1900s: World-class competitor[edit]

Spinks was still considered a newsworthy contender over a decade later, for the World 18.2 Balkline Championship of 1909, being enumerated in "a fine list of entries" anticipated for the March event.[8]

On January 11, Spinks (with a high run of 51) beat former amateur champion and then-pro Calvin Demarest, 250–199, in only 15 innings – despite scoring 0 points in 4 innings and only 1-point in another – by building several solid runs in the innings in which things went his way. For all intents and purposes it was a 10-inning win.[40] Demarest took his revenge only days later, defeating Spinks in a close 250–225, 23-inning game on January 13, despite Spinks' high run of 78 (his highest 18.2 run on record in publicly available sources, and considerably higher than Demarest's 52 that night).[41] Spinks lost to him again the very next day, 175–250, in an exhibition game, despite Spinks' solid high run of 69, and also beat veteran pro Tom Gallagher.[9][clarification needed]

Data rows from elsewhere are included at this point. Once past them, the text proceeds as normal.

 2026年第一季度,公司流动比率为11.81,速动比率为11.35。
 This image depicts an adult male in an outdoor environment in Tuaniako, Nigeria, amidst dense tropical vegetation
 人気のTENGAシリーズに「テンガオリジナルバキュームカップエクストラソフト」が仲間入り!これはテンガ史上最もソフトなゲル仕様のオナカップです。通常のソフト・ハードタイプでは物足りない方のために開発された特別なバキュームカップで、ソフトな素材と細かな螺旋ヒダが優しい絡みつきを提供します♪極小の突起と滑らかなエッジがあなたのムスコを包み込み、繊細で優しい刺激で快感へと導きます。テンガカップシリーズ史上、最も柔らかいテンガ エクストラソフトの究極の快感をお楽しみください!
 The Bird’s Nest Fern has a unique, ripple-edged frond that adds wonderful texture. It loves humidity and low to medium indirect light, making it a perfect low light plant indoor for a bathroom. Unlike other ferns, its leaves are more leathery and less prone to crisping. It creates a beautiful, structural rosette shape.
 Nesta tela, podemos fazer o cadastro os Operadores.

In January 1909, just prior to an 18.1 balkline championship at Madison Square Garden (in which Spinks was not competing), he and Maurice Daly were observed playing practice games with Sutton for the latter's pre-event training, in Daly's billiard hall in New York City, on multiple occasions over a several-day stretch. While Spinks lost all but one of the recorded matches of this series, one loss was by a single point, at 400–399, and another was a close 400–370. His victory was 300–194 – surprising given that 18.1 was not his preferred game.[42][43][44][45][46]

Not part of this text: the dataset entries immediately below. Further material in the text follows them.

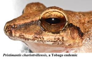 The trails above the fishing village are narrow and the terrain is steep, but within a few minutes we found several calling male Pristimantis charlottvillensis and a six millimeter frog that is probably Prisimantis urichi or P. turpinourm – Leptodactylus fuscus and L. validus are here also.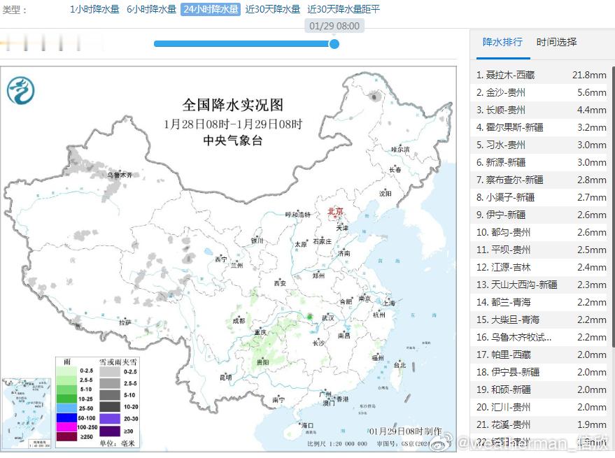 【大范围雨雪过程开启】昨天到今晨,西藏聂拉木出现大暴雪,昨晚积雪一度达到了15厘米,今晨还有13厘米。导致强降雪的高空槽继续东移,今后3天,中东部将有大范围雨雪。本轮降水过程,有偏南风和偏东风输送水汽,水汽条件较好,因此部分地区降雪为湿雪,积雪效率可能不是很高。1月29日08时至30日08时,新疆伊犁河谷和沿天山一带地区、内蒙古中西部、东北地区东部、西藏北部和东部、西北地区中东部、华北中西部、黄淮西部、江汉西部、川西高原北部等地部分地区有小到中雪或雨夹雪,其中,西藏东南部、陕西东南部、河南西部、湖北西北部等地部分地区有大到暴雪(10~16毫米)。陕西南部、湖北西部局地有冻雨。1月30日08时至31日08时,内蒙古中部、黑龙江中部、西藏东部、青海东部、甘肃东部、陕西南部、华北大部、黄淮南部、江淮、江汉西部、湖南中北部、川西高原北部等地部分地区有小到中雪或雨夹雪,其中,湖南北部局地有大雪(5~8毫米)。贵州东部、湖南西部局地有冻雨。1月31日08时至2月1日08时,黑龙江中部、西藏北部和东南部、甘肃西部、四川西北部、湖北南部、湖南北部、安徽南部、江苏南部、浙江北部等地部分地区有小到中雪或雨夹雪。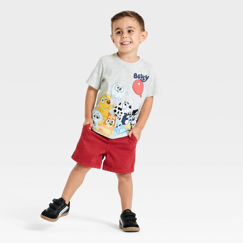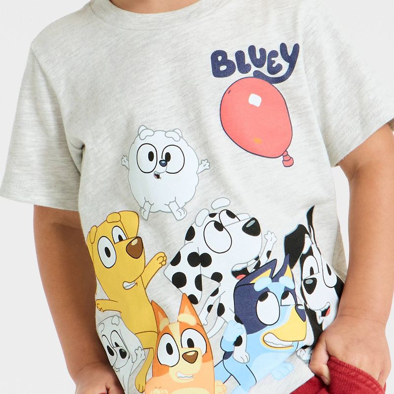 - Heather gray hue with graphic of Bluey, Bingo and their friends plus a balloon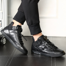 春季牛皮休闲时尚男短靴潮男高帮皮鞋马丁靴透气板鞋潮牌高邦男鞋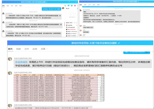 另外,基地在关键节点会给基地指导老师开会,说明阶段工作要点,并总结会议记录,要求指导老师查阅了解并遵守通知要求执行,希望在各位基地老师和校内老师的不断努力配合下,顺利完成今年的毕设任务,对优秀员工项目提出更高要求,从而更好的提升毕设整体质量。

Many articles of the era stress that Spinks was a Californian, because during this period American billiards was completely dominated by East-Coasters and a few Midwesterners.[5]

1910s–1920s: Setting a record and leveling the field[edit]

Spinks was noted in 1912 for a still-unbroken world record run of 1,010 continuous points at 18.2 balkline using the "chuck nurse" (a form of nurse shot), and could have made more, but stopped.[3][10]:52, 289 Later, anchor space rules were instituted especially to curtail the effectiveness of the chuck nurse.[10]:8[47] The use of such repetitive, predictable shots by Spinks, Schaefer Sr., and their contemporaries led to the development of the more advanced and restrictive 14.1 balkline rules (invented in 1907, but not played professionally until 1914), which further thwarted the ease of reliance on nurse shots than the older balkline games already did.[10]:15–16

In August 1915, Spinks was tapped to join a consultative panel of notable players and major billiard hall proprietors to help develop a new handicapping system for balkline billiards, organized by the Brunswick-Balke-Collender Company, at that time the organizers of the World Championships. The inspiration for the new system was simply making it possible for the newly ascendant Willie Hoppe to be meaningfully challenged – his near-unassailability was hurting billiard tournament revenues, because the outcome was considered foreordained by many potential ticket-buyers. The system was expected to level the playing field in other ways, especially making it easier for skilled amateurs to enter the professional ranks.[48]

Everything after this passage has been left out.